## Work order
From the material below, reproduce exactly the stretch of lines that begins with the line holding "主力TA201合約當日交易走勢" and ends with the line holding "casi un misterio", skipping the pictures.
── Entries provided
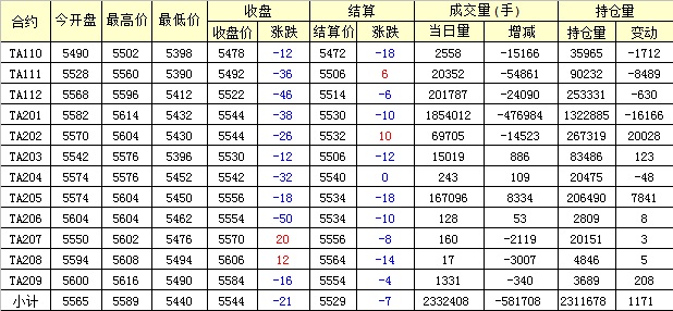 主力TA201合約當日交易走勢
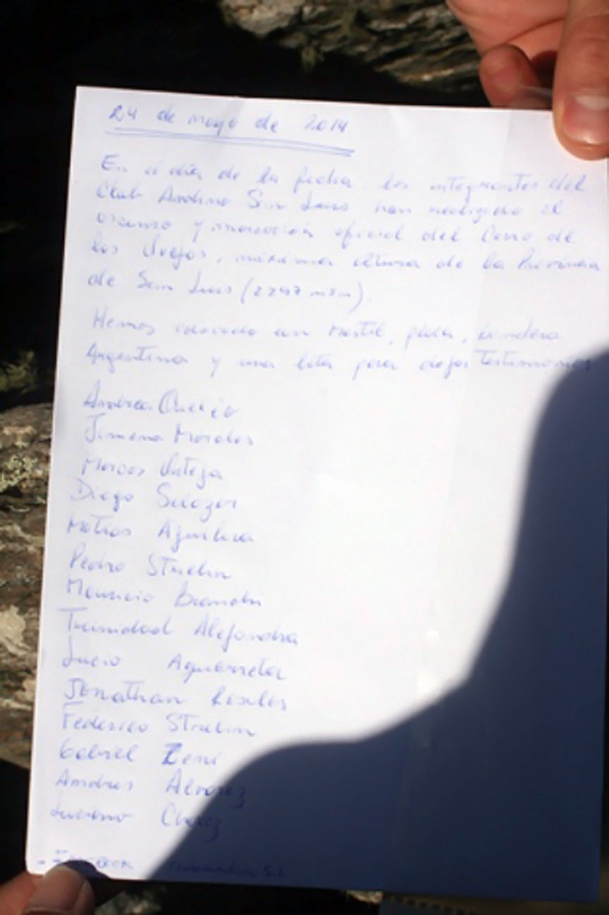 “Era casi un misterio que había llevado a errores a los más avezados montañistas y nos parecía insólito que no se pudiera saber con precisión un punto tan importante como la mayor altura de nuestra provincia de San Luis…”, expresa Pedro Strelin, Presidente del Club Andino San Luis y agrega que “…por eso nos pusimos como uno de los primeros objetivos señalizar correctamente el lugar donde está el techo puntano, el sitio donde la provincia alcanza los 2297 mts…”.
────
── Entries provided
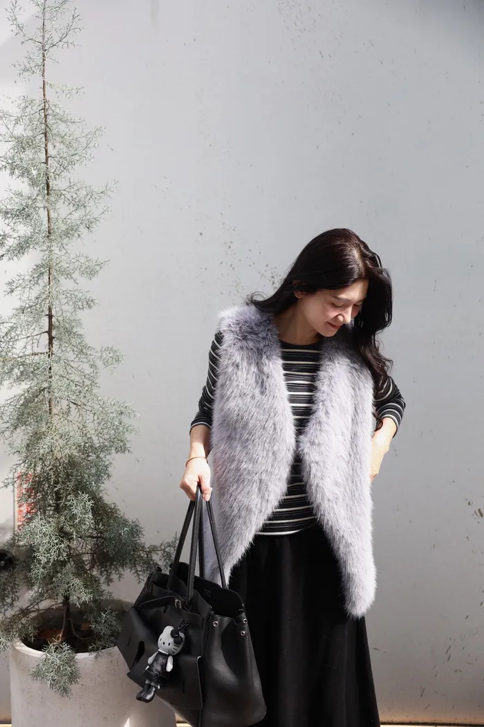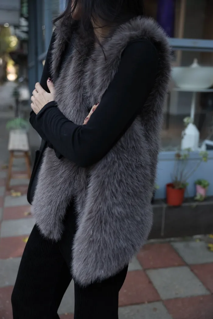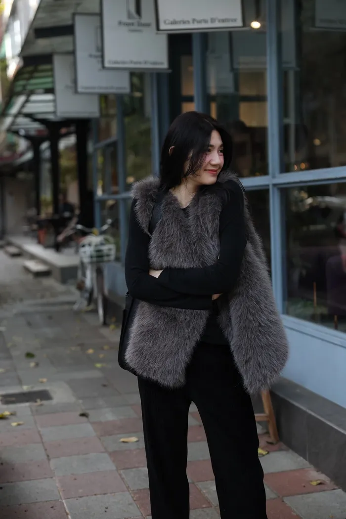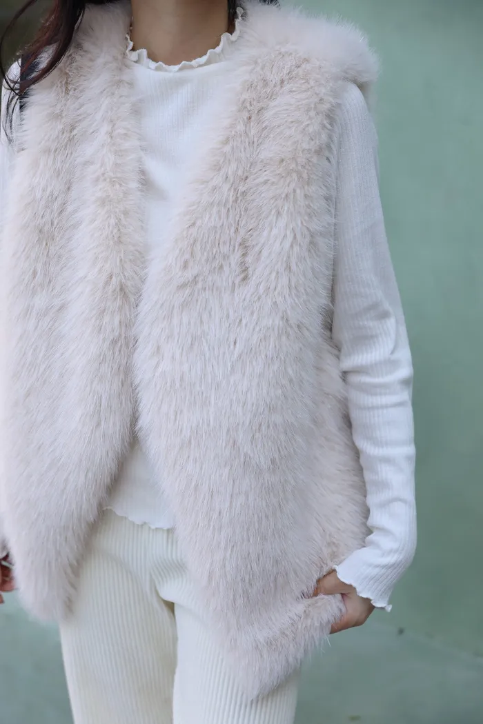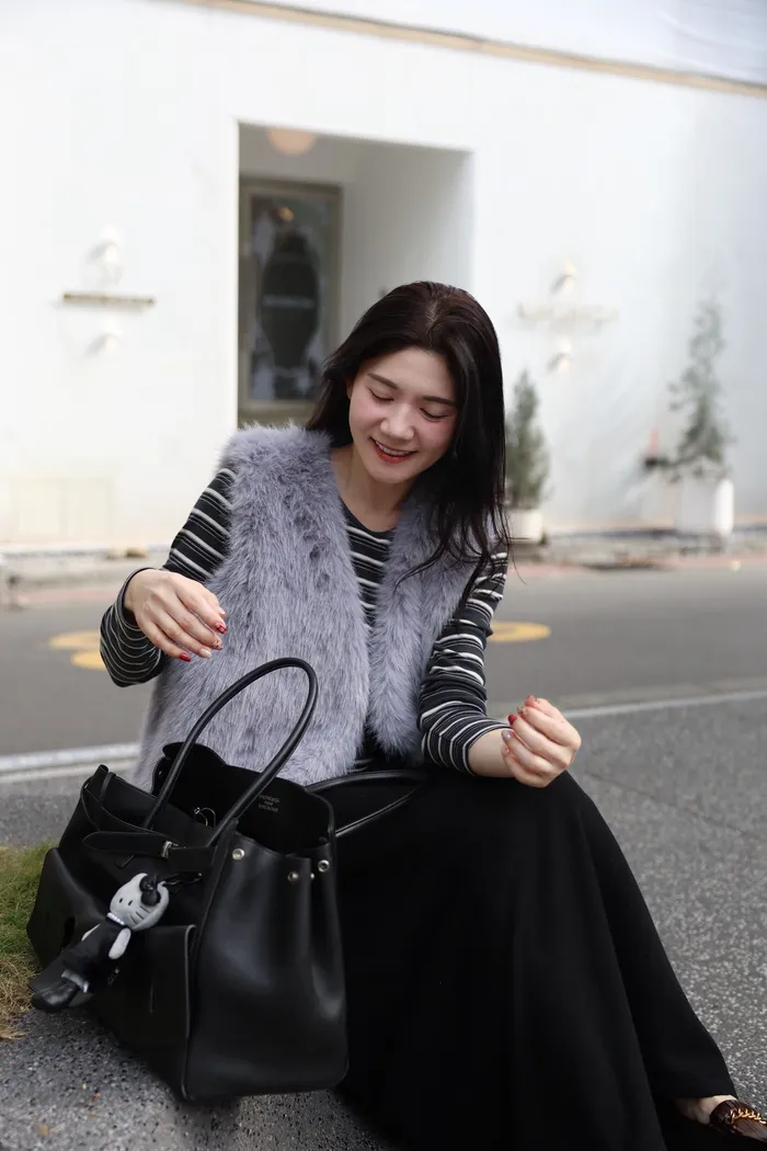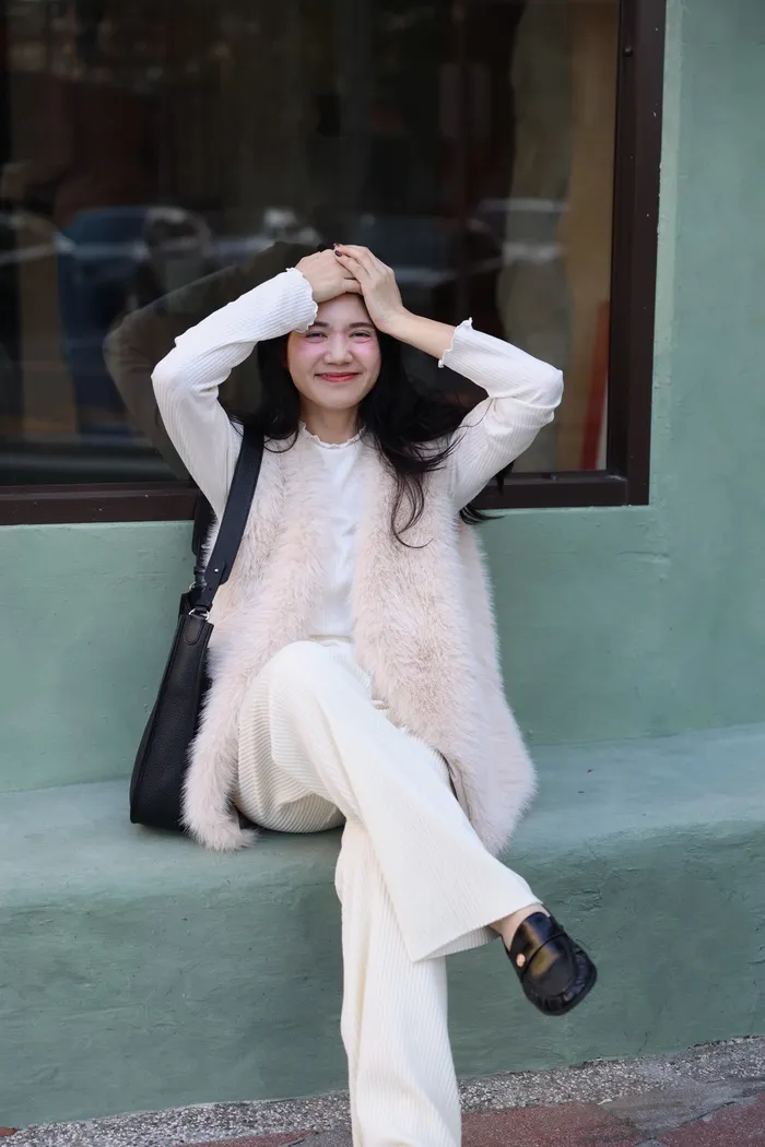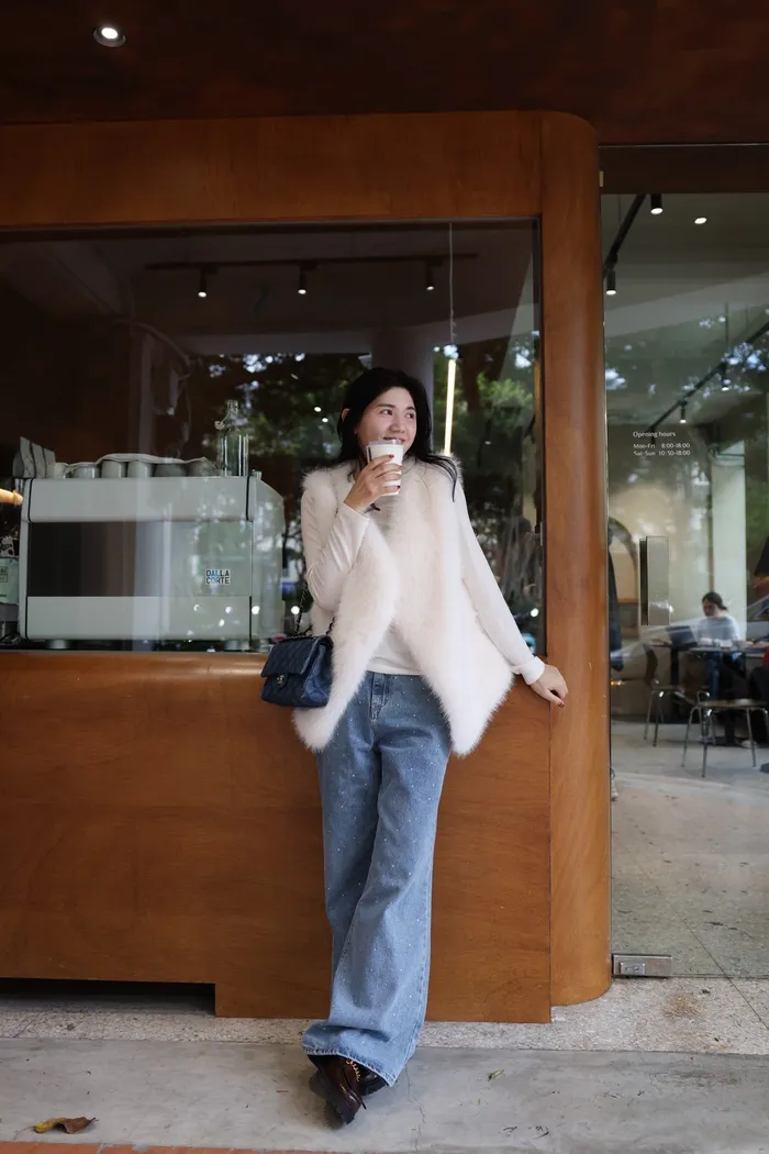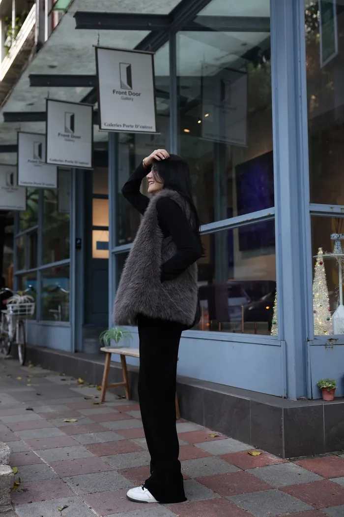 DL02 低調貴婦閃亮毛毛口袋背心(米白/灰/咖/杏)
────
## Solution
 主力TA201合約當日交易走勢
 “Era casi un misterio que había llevado a errores a los más avezados montañistas y nos parecía insólito que no se pudiera saber con precisión un punto tan importante como la mayor altura de nuestra provincia de San Luis…”, expresa Pedro Strelin, Presidente del Club Andino San Luis y agrega que “…por eso nos pusimos como uno de los primeros objetivos señalizar correctamente el lugar donde está el techo puntano, el sitio donde la provincia alcanza los 2297 mts…”.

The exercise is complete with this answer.